It's probably more and more GP and fixed counters are introduced in the
future and then directly extends the cnt array length to 64.
Signed-off-by: Dapeng Mi <[email protected]>
---
x86/pmu.c | 2 +-
1 file changed, 1 insertion(+), 1 deletion(-)
diff --git a/x86/pmu.c b/x86/pmu.c
index 1df5794b7ef8..6bd8f6d53f55 100644
--- a/x86/pmu.c
+++ b/x86/pmu.c
@@ -259,7 +259,7 @@ static void check_fixed_counters(void)
static void check_counters_many(void)
{
- pmu_counter_t cnt[10];
+ pmu_counter_t cnt[64];
int i, n;
for (i = 0, n = 0; n < pmu.nr_gp_counters; i++) {
--
2.34.1
Intel CPUs, like Sapphire Rapids, introduces a new fixed counter
(fixed counter 3) to counter/sample topdown.slots event, but current
code still doesn't cover this new fixed counter.
So this patch adds code to validate this new fixed counter can count
slots event correctly.
Signed-off-by: Dapeng Mi <[email protected]>
---
x86/pmu.c | 1 +
1 file changed, 1 insertion(+)
diff --git a/x86/pmu.c b/x86/pmu.c
index 6bd8f6d53f55..404dc7b62ac2 100644
--- a/x86/pmu.c
+++ b/x86/pmu.c
@@ -47,6 +47,7 @@ struct pmu_event {
{"fixed 1", MSR_CORE_PERF_FIXED_CTR0, 10*N, 10.2*N},
{"fixed 2", MSR_CORE_PERF_FIXED_CTR0 + 1, 1*N, 500*N},
{"fixed 3", MSR_CORE_PERF_FIXED_CTR0 + 2, 0.1*N, 300*N},
+ {"fixed 4", MSR_CORE_PERF_FIXED_CTR0 + 3, 1*N, 5000*N},
};
char *buf;
--
2.34.1
Current PMU code doesn't check whether the number of fixed counters is
larger than pre-defined fixed events.
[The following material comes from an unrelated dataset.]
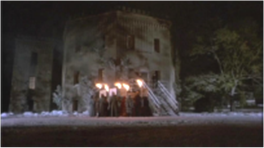 This outdoor filming location was the former state prison of Charleston, SC. The main building extends to the octagonal cell tower shown here. The building was constructen in 1802 and gradually extended until 1939. It can be visited today. The outer wodden stairs had been altered since the time of filming. The real main entrance is to the other side (see aerial view © Google Maps):

If so, it would cause out of range
memory access.
So add asserts to warn this invalid case.
Signed-off-by: Dapeng Mi <[email protected]>
---
x86/pmu.c | 10 ++++++++--
1 file changed, 8 insertions(+), 2 deletions(-)
diff --git a/x86/pmu.c b/x86/pmu.c
index 404dc7b62ac2..3ce05f0a1d38 100644
--- a/x86/pmu.c
+++ b/x86/pmu.c
@@ -117,8 +117,12 @@ static struct pmu_event* get_counter_event(pmu_counter_t *cnt)
for (i = 0; i < gp_events_size; i++)
if (gp_events[i].unit_sel == (cnt->config & 0xffff))
return &gp_events[i];
- } else
- return &fixed_events[cnt->ctr - MSR_CORE_PERF_FIXED_CTR0];
+ } else {
+ int idx = cnt->ctr - MSR_CORE_PERF_FIXED_CTR0;
+
+ assert(idx < ARRAY_SIZE(fixed_events));
+ return &fixed_events[idx];
+ }
return (void*)0;
}
@@ -251,6 +255,7 @@ static void check_fixed_counters(void)
};
int i;
+ assert(pmu.nr_fixed_counters <= ARRAY_SIZE(fixed_events));
for (i = 0; i < pmu.nr_fixed_counters; i++) {
cnt.ctr = fixed_events[i].unit_sel;
measure_one(&cnt);
@@ -272,6 +277,7 @@ static void check_counters_many(void)
gp_events[i % gp_events_size].unit_sel;
n++;
}
+ assert(pmu.nr_fixed_counters <= ARRAY_SIZE(fixed_events));
for (i = 0; i < pmu.nr_fixed_counters; i++) {
cnt[n].ctr = fixed_events[i].unit_sel;
cnt[n].config = EVNTSEL_OS | EVNTSEL_USR;
--
2.34.1
On Tue, Oct 31, 2023 at 2:22 AM Dapeng Mi <[email protected]> wrote:
>
> Intel CPUs, like Sapphire Rapids, introduces a new fixed counter
> (fixed counter 3) to counter/sample topdown.slots event, but current
> code still doesn't cover this new fixed counter.
>
> So this patch adds code to validate this new fixed counter can count
> slots event correctly.
I'm not convinced that this actually validates anything.
Suppose, for example, that KVM used fixed counter 1 when the guest
asked for fixed counter 3. Wouldn't this test still pass?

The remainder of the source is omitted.